I'm fine with PATH_CHALLENGE if it does the job and if we can get rid of gaps as a recommended mode of operation, even if it cannot be prevented. If the challenge works it is much simpler solution since you only have to do very limited bookkeeping.

If peers choose to introduce gaps regardless, it is much easier to drop or down-priorititize a misbehaving endpoint. If gaps are generally permitted you either have to allow arbitrary gaps way beond reasonable loss profiles which makes the entire migration gap avoidance pointless, or you have to define what is a reasonable gap profile, which is messy.

[MikeBishop]

If you want to catch a peer doing early ACKs, there has to be something that they can only learn from having seen the packets at the time they're sending the ACK. The entropy bit gives you that, but is hard to implement. Skipping packets gives you that, because if they don't know when you skip they'll give themselves away. PATH_CHALLENGE doesn't give you that, because it's not bound to the ACK.

The problem with PATH_CHALLENGE for this scenario is that the ACK and the PATH_RESPONSE don't have to arrive at the same time. So if the other side is ACK'ing packets that you sent before they've actually arrived in an effort to build up the window, you won't detect it -- the ACK looks legitimate.

Now, if they ACK a packet that gets dropped, they'll get caught (eventually, when the timer runs out, assuming the implementation checks whether a packet has been ACK'd when a PATH_CHALLENGE times out) -- but even without doing anything, that will result in missing stream data, which is likely to bite the receiver eventually anyway.

I'm indifferent to which ACK-bound mechanism we use to guard against this -- if we've been told by implementers that packet gaps are easier than entropy bits, let's stick with that. But using a mechanism not bound to the ACK doesn't buy us much we don't already have.

[huitema]

As Kazuho points out, it is possible to write a keyed pseudo random function, "shall I skip sending sequence number X", and tune it for whatever skip probability you want. The same function can be used when receiving acks, to detect "should someone really ack sequence number X". That means the "ack skipping" test is really easy to implement. The entropy test, not so much.

[mikkelfj]

I'm aware of the pseudo random hash approach to skipping, and if wasn't because it required on-wire changes or gaps, I would have suggested it too. It can be done gapless by randomly sending an ACK token frame in packets that would otherwise have been gaps which avoids packet header flags.

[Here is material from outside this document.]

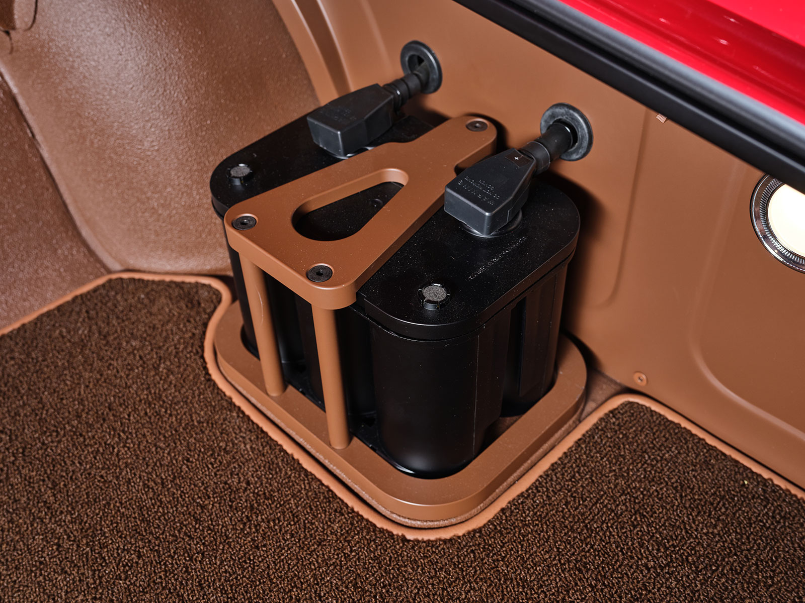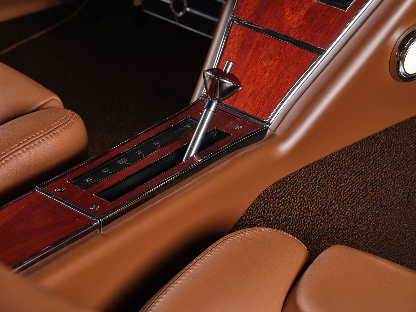 For the interior, let’s begin with the modified factory dashboard. The Buick Riviera has always been known for its impressive dash and center console and while it retains its distinctive look there are some noteworthy alterations. The dramatic instrumentation comes by way of Classic Instruments with its single left-mounted circular 160-mph speedo, a center-mounted small-diameter circular tach, and single right-mounted circular gauge with its center-mounted clock and the obligatory fuel, temp, volt, and oil instruments surrounding the timepiece. Getting all the wiring to handle the chores, which includes the Classic Instruments gauges and Vintage Air Gen IV AC System with upgraded dash controls, is the handiwork of Eads whose skills were seen on the American Autowire custom-built wiring system. Also, highly visible and eye appealing is the custom-machined two-spoke wooden wheel, with paddle shifters and machined in-house, that rests on top of the tilt ididit steering column. We have mentioned that the Riviera is also known as a luxury car and in keeping with that obligation is a pair of front Recaro bucket seats plus a pair of custom bucket seats in the rear with a center displayed “waterfall.” The tan leather is used to cover all the seating, panels, and so on, by Phil Cato of Cato’s Custom Upholstery of Salt Lake City. He also stitched up the headliner, which is made from Cattle Tan Suede as well as the dark brown carpeting. Note the trunk is equally as detailed and now acts as a home for the relocated Optima battery that’s mounted within a Detroit Speed relocation battery tray.

Although the hash based testing is fairly simple with gaps, storing a bit per transmitted packet is also easy, if not easier since you need a data structure for retransmission and ACK tracking anyway.

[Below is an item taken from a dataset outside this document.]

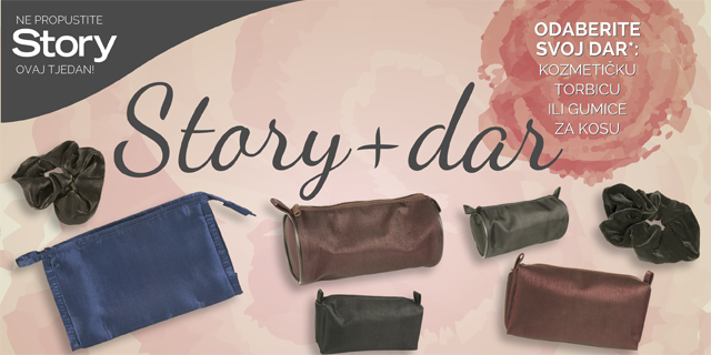 Samo u ovom broju Storyja donosimo dar svim čitateljima. Izaberite svoj dar između kozmetičke torbice ili dvije gumice za kosu. Kozmetičke torbice dolaze u više različitih veličina i boja: plavoj, crnoj, srebrnoj, bordo ili boji vanilije. Dvije gumice za kosu dolaze uz jedan časopis Storyja u crnoj boji – jedna gumica je baršunasta, a druga svilena. Ne propustite Story od 27. siječnja 2016.!

However, I do see the issue Ian mentions with false acknowledgements of lost packets. I'm not convinced that is a realistic attack scenario whereas opportunistic personal bandwidth prioritisation or DoS are demonstrated attacks. Even so, it would be great if the gapless approach could improve in this aspect without requiring the ACK frames to carry entropy for all ACK'ed packets, which I agree, is not ideal.

There are attacks on specific receivers index implementation of received packets which are easily defended with a gapless approach but with gaps it is hard to reject because any gap pattern could be valid even if far from a realistic network loss pattern.

[mikkelfj]

Failing to gain traction for a gapless approach, I would suggest an alternative gap based approach that uses something like Kazuhos hash in formalized manner in line with my comments placed in the quic-go issue: quic-go/quic-go#1149

Citing my mis-placed comment on that issue:

If such a function is formalized, with an unpredictable key, of course, it would remove a class of attacks on the receivers indexing of received packets, for example by simply dropping a connection if the index starts to use too much space per packet on average. It would also put a bound the gap size so large gap jumps are ruled out. This would alleviate some of my concerns regarding gaps.

[martinthomson]

Not seeing any concrete issue here (over those already open), closing this. If you have a proposal, please mail the list to explore the idea. Ideas that are more fully thought out can be expressed as pull requests.